The cellular subscriber churn rate during the second quarter of 2014 declined to 11.4% compared to 11.6% in the previous quarter. This slight decline follows two consecutive quarters in which the churn rate increased.

Cellular ARPU in the second quarter of 2014 totaled NIS 76, decreasing by NIS 1 compared with the previous quarter. The decline in ARPU resulted primarily from continued price erosion of cellular services, a result of the intense competition, which was partially offset by an increase in revenues from national roaming services.

Revenues from equipment sales in the second quarter of 2014 were similar to the previous quarter; however, gross profit from equipment sales increased by NIS 13 million compared to the previous quarter, primarily due to improvements in the supply chain and a change in the product mix.

Adjusted EBITDA in the second quarter of 2014 increased by NIS 17 million compared with the previous quarter, reflecting the increase in gross profit from equipment sales and the decline in operating expenses which were partially offset by the decline in cellular service revenues.

Finance costs, net, in this quarter increased by NIS 25 million compared to the previous quarter, mainly due to an increase in CPI linkage expenses and a one-time repayment fee for bank loans of NIS 6 million.

Profit in the second quarter of 2014 totaled NIS 46 million compared with NIS 52 million in the previous quarter, reflecting the higher finance costs, net, partially offset by the increase in adjusted EBITDA.

Free cash flow (after interest payments) in the second quarter totaled NIS 123 million, compared with NIS 139 million in the first quarter of 2014. The decrease in free cash flow was primarily due to semi-annual interest payments.

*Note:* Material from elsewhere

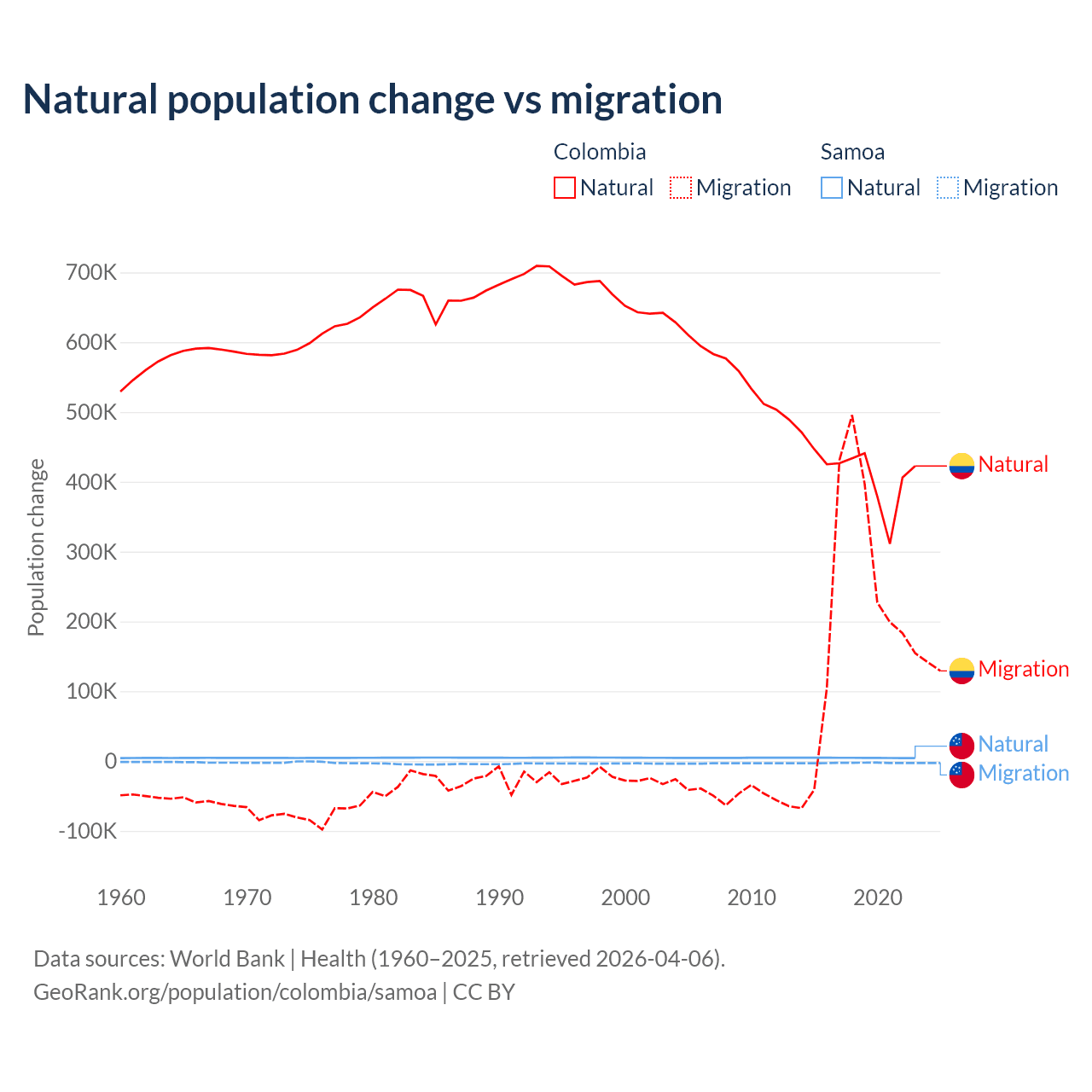 Over the last 10 years, 66.6% of the population change in Colombia is from natural causes (a gain of 4,162,856 people) and 33.4% is from migration (a gain of 2,083,051 people). In Samoa 62.5% is from natural causes (a gain of 45,436 people) and 37.5% is from migration (a loss of 27,246 people).

As of June 30, 2014, net debt amounted to approximately NIS 2.7 billion. In April 2014, the Company made an early repayment of bank loans totaling NIS 100 million (whose original repayment schedule was for repayments of NIS 25 million in each of 2014, 2015, 2016, and 2017). Since January 2013, the Company has made early repayments of bank loans in the total amount of NIS 717 million. In May 2014, the Company entered into a NIS 250 million deferred unsecured loan agreement for which the principal financial undertakings are similar to those undertaken in previous bank loans. The loan principal will be granted in December 2016.”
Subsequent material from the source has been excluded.